■ **Data entries**:
▼▼▼

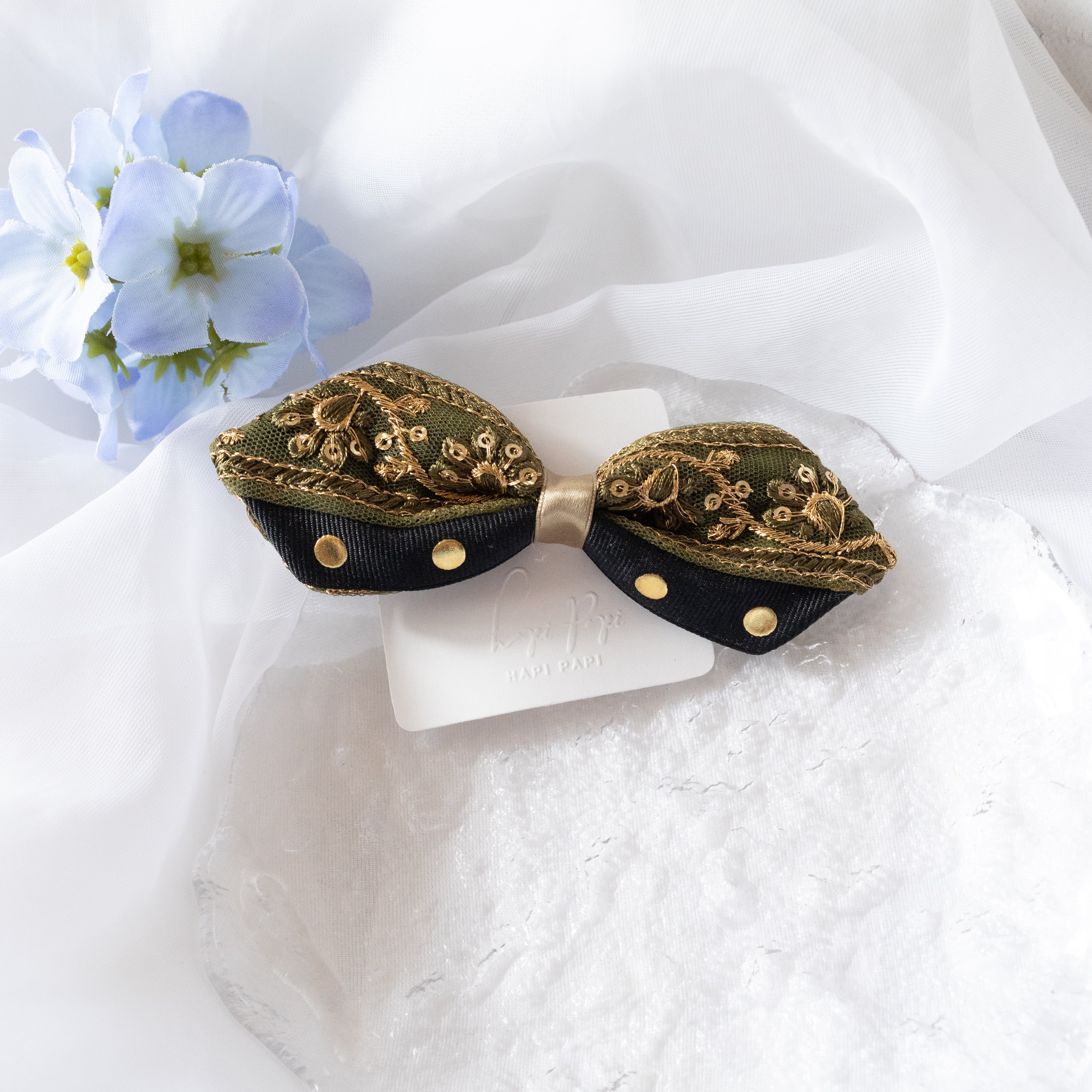 │蝶ネクタイ│ mix/カーキ&ブラック│ 家族で使えるマルチクリップ│ヘアクリップ│卒園卒業入園入学
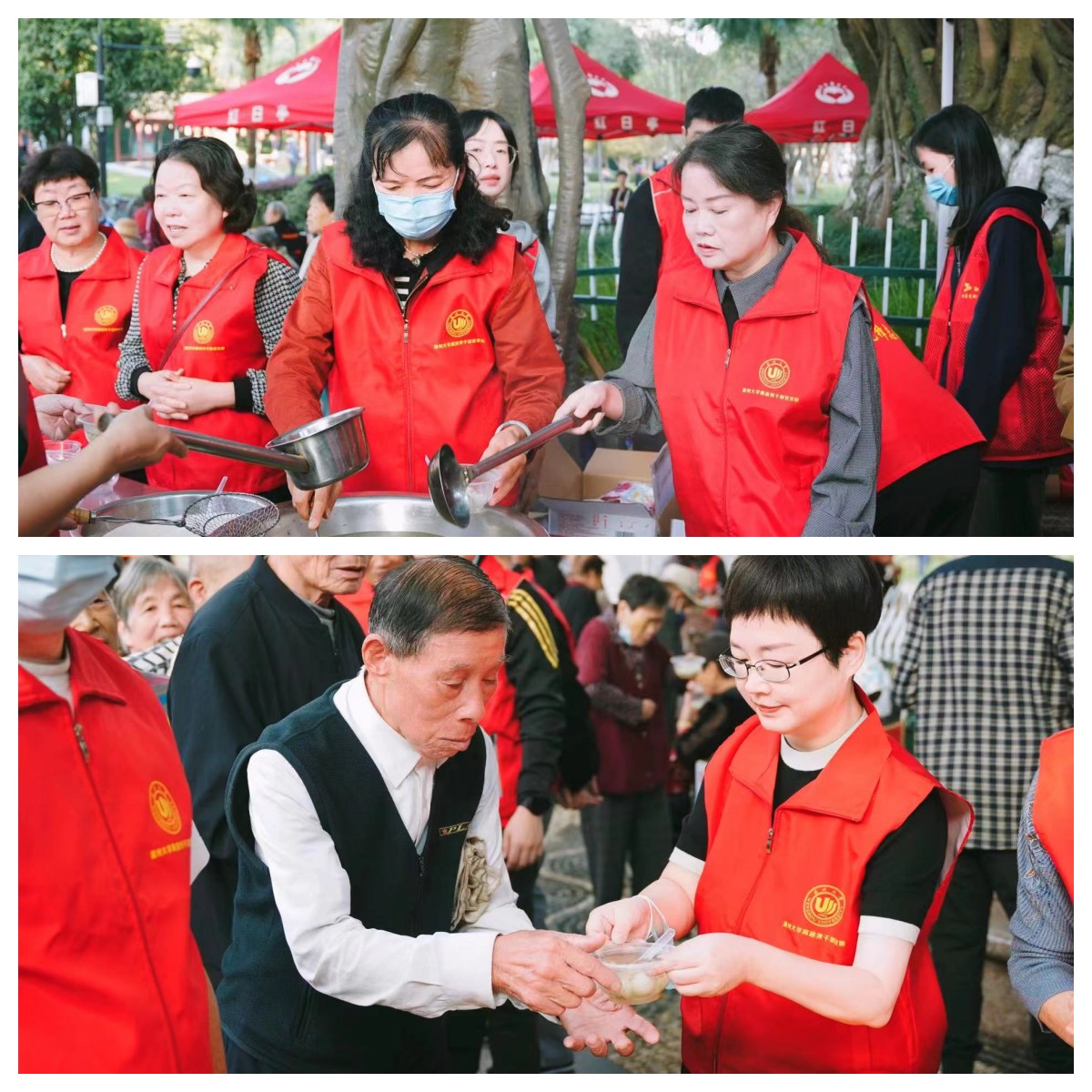 上午7点,日本a片 离退休第十党支部十八位志愿者,整整齐齐地穿着红马甲,早早地来到红日亭活动现场。在红日亭义工队负责人的带领下,大家开启了有序的工作:拉横幅、搬桌椅、摆碗筷、煮汤圆等等,忙得不亦乐乎。此时,大榕树下已经排起长长的队伍。在贫困老人、环卫工人、残障人士们期待的目光中,大家把一碗碗热气腾腾的汤圆送到他们手中。他们回应的一张张灿烂的笑脸,让志愿者们内心激动不已。两个多小时的时间里,志愿者们一直没有停歇,直到五百多份汤圆全部赠送完毕。八十多岁的老党员陈秀士从一大早来到活动现场就开始认真维持活动秩序。虽然同志们几次劝他不要太劳累多歇歇,但是他始终坚持,直到活动结束才坐下来喘口气。日本a片 老师们无私奉献的精神得到了红日亭义工队的一致称赞。
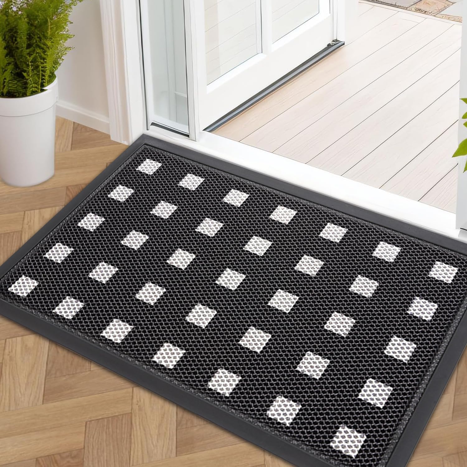 Front Door Mat Indoor Entrance 29.5"x17" for Apartments/Small Spaces, Heavy Duty Rubber Entryway Mats Backing Inside/Outside Dirt Trapping, All Weather Outdoor Rug Black and White
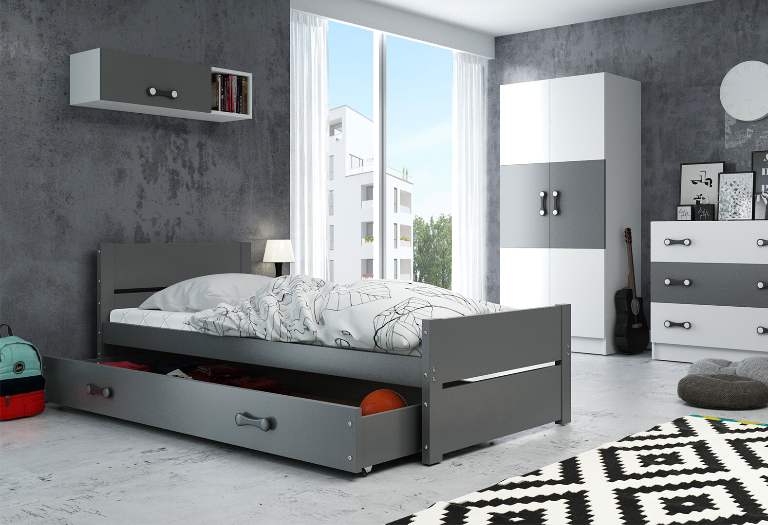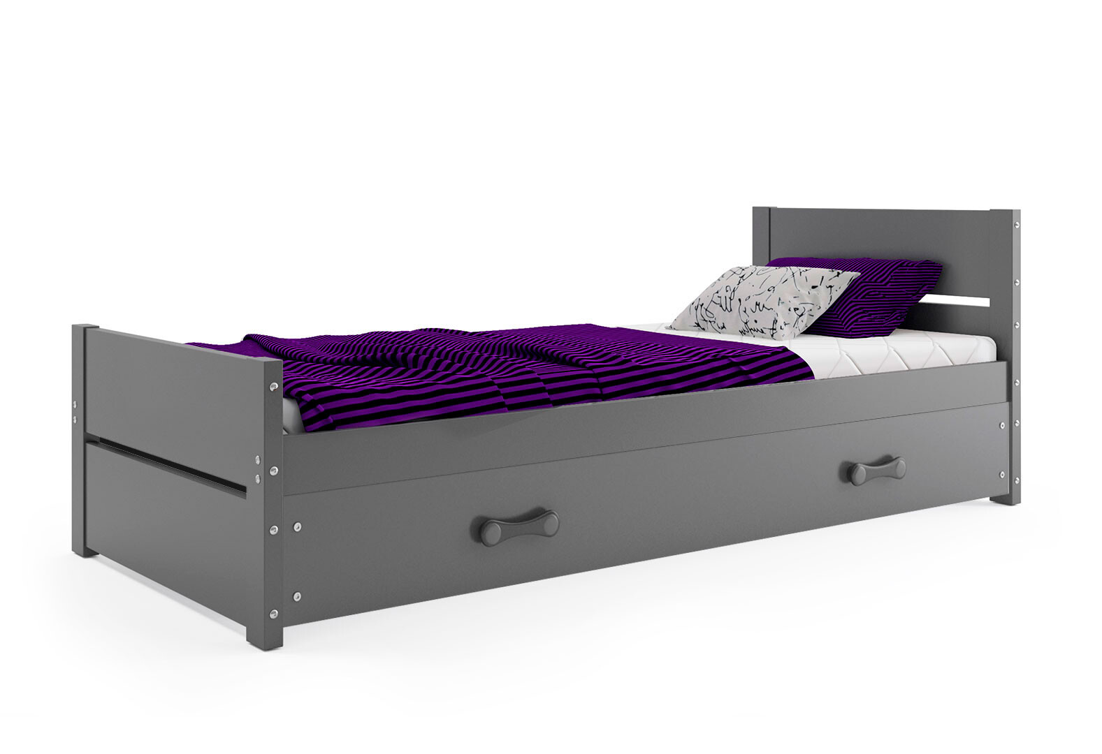 Fotografie 1 - Postel Bartek grafit + zásuvka 90x200 cm s roštem, matrací
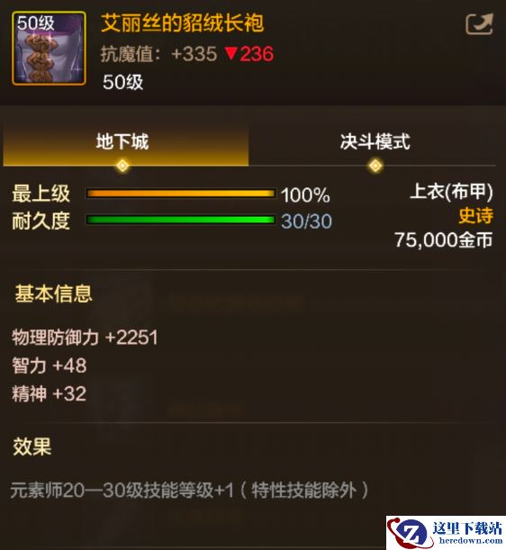 艾丽丝的貂绒长袍是《地下城与勇士:起源》中的50级上衣位置的史诗布甲散件,能够强化元素师的基础技能,可以通过深渊掉落和近期开启的团队模式BOSS获取,那么接下来就让我们一起了解一下艾丽丝的貂绒长袍具体有着什么样的属性和效果吧。
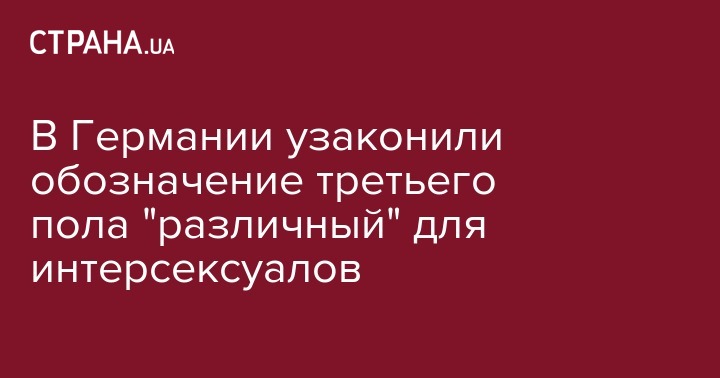 Ранее "Страна" писала о том, что в Германии законодательно появился третий пол при рождении ребенка. Интерсексуалов в стране уже 80 тысяч.
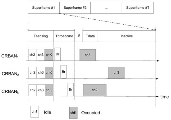 | Bi(t,Ck) | Bi(t, Ck) = 1 means that i-th CRBAN occupies channel Ck in superframe t; Ck ∈ CIi(t). |
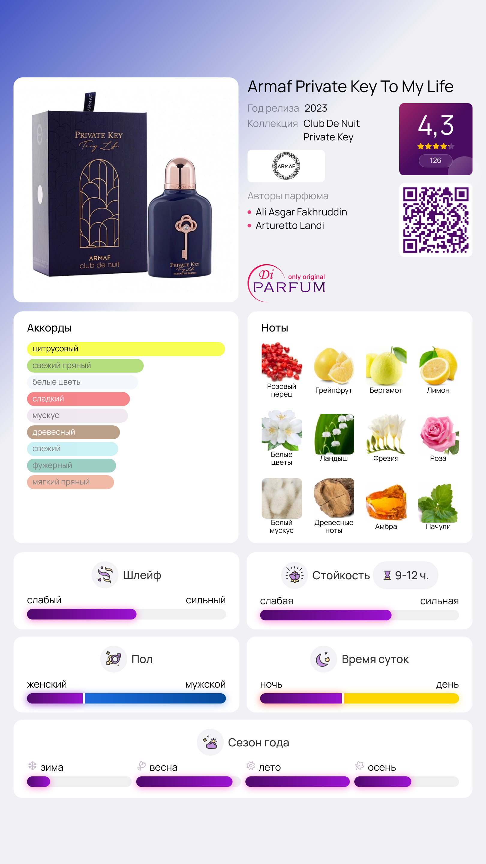 Новая ароматическая линия Private Key от восточного парфюмерного бренда из Объединенных Арабских Эмиратов Armaf призвана помочь найти тот самый ключ, который откроет двери к успеху во всех сферах жизни. Унисекс-аромат Private Key To My Life служит разгадкой, способной разжечь ваш внутренний огонь и представить новые жизненные горизонты. Создателями этого произведения стали Али Асгар Фагруддин и Артуретто Ланди.
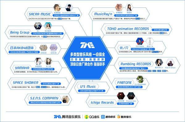 TME致力于能为更多的中国日音迷带去更多优质的日音内容,先后与大型偶像团体AKB48背后运营公司AKS、为知名动漫《银魂》、《夏目友人帐》、《鬼灭之刃》制作过主题曲,专注于动漫音乐的音乐厂牌SACRA MUSIC、日本最大的独立音乐厂牌SPACE SHOWER以及U'S MUSIC这样制作出过大批高品质纯音乐的环境音乐厂牌达成版权内容合作。从流行、ACG、摇滚到嘻哈,甚至是环境音乐。在版权内容方面,TME已经与日本音乐市场建立起了全覆盖、多方位的战略合作关系,成为拥有最多日音版权,最多日本音乐厂牌合作的中国音乐平台,更是成为中国日音爱好者首选的聚集地。
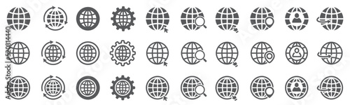 Set of globe icons. World globe, world wide web. Earth symbol, planet icon. Map planet, internet globe, travel. Vector illustration.
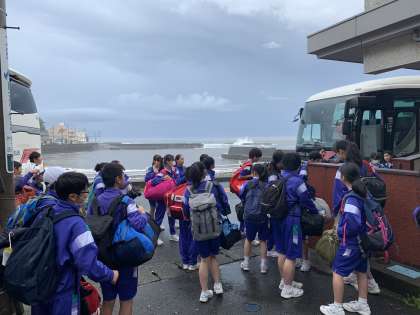 天城が交通止めのため、迂回し、予定よりかかりましたが、その分バス内で盛り上がりました。
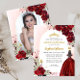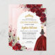 Floral Burgundy Maroon Red Dourada Princesa Vestida Gole Glitter Sparkle Tiara Crown Butterfly 15 de Aniversário Quinceanera Convite
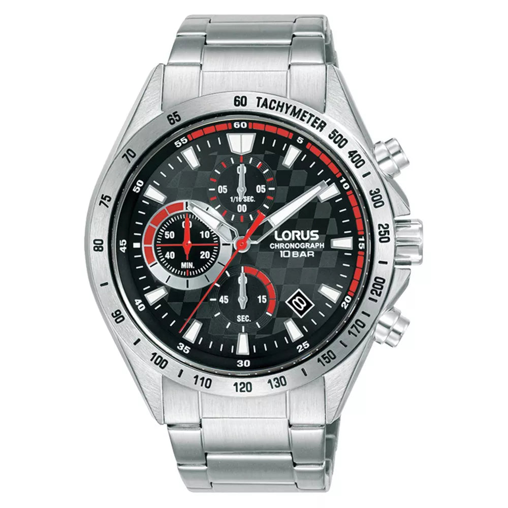 Lorus RM309JX9 je muški sat sa čeličnim kućištem prečnika oko 43,5 mm i metalnom narukvicom. Ima crni brojčanik sa hronografom, tahimetrom i prikazom datuma, a pokreće ga pouzdan kvarcni mehanizam. Mineralno staklo i vodootpornost do 100 m omogućavaju svakodnevno nošenje, uključujući pranje ruku, kišu i plivanje. Robustnog je i sportskog dizajna, idealan za aktivan stil života.
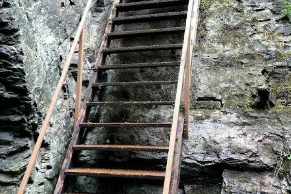 Ein kleiner Hof mit kleiner Felsnasen-Terrasse, die Sie über eine Metallleiter im hinteren Hausbereich erreichen, sind ebenfalls Bestandteil der Immobilie.
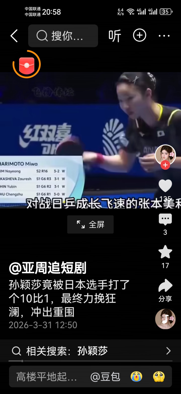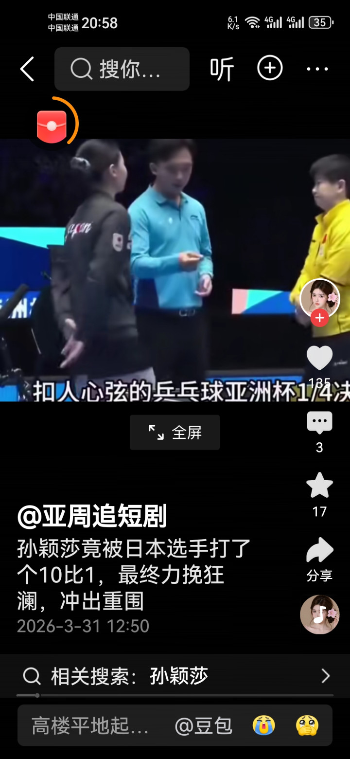 球迷们纷繁刷屏:“这才是着实的王者!不怕过期,生怕没斗志”“孙颖莎太牛了,10-1翻盘打服日本,国乒长久的神”“别再制造狂躁了,有莎莎在,中日乒乓的差距长久在!”
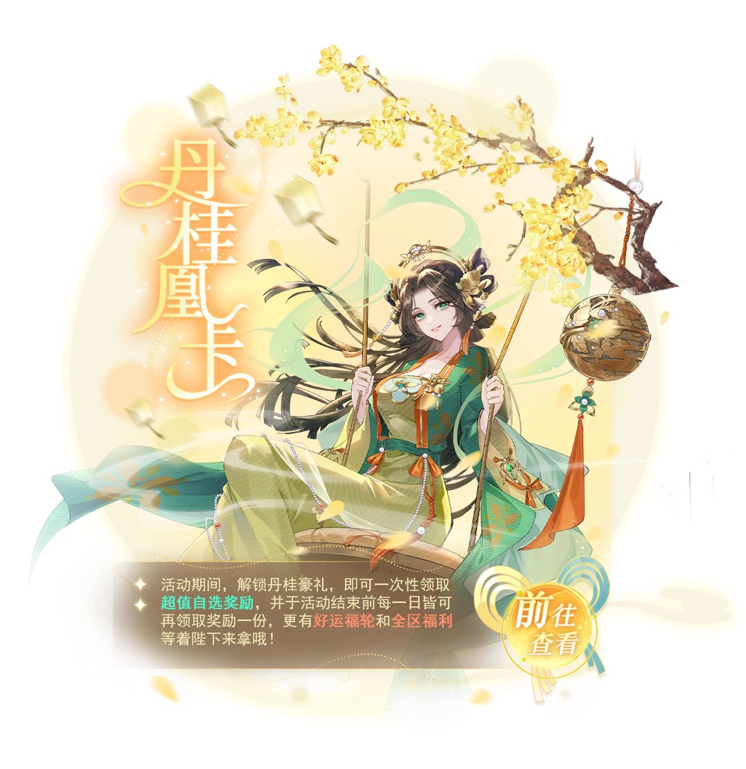 5、若购买了丹桂凰卡当天未领取奖励,则当天的23:59:59通过邮件代发奖励,邮件为固定奖励道具:振兴羁绊、桂花方糕、时空装扮多选一礼盒、时空之尘、逐梦之尘、心愿结

▲▲▲

■ **The task**: An exact copy of the lines above from the one with "Front Door Mat" up to and including the one with "Ck ∈ CIi(t). |" is required; reproduce only those lines, omitting all pictures.

■ **Response**:
 Front Door Mat Indoor Entrance 29.5"x17" for Apartments/Small Spaces, Heavy Duty Rubber Entryway Mats Backing Inside/Outside Dirt Trapping, All Weather Outdoor Rug Black and White
 Fotografie 1 - Postel Bartek grafit + zásuvka 90x200 cm s roštem, matrací
 艾丽丝的貂绒长袍是《地下城与勇士:起源》中的50级上衣位置的史诗布甲散件,能够强化元素师的基础技能,可以通过深渊掉落和近期开启的团队模式BOSS获取,那么接下来就让我们一起了解一下艾丽丝的貂绒长袍具体有着什么样的属性和效果吧。
 Ранее "Страна" писала о том, что в Германии законодательно появился третий пол при рождении ребенка. Интерсексуалов в стране уже 80 тысяч.
 | Bi(t,Ck) | Bi(t, Ck) = 1 means that i-th CRBAN occupies channel Ck in superframe t; Ck ∈ CIi(t). |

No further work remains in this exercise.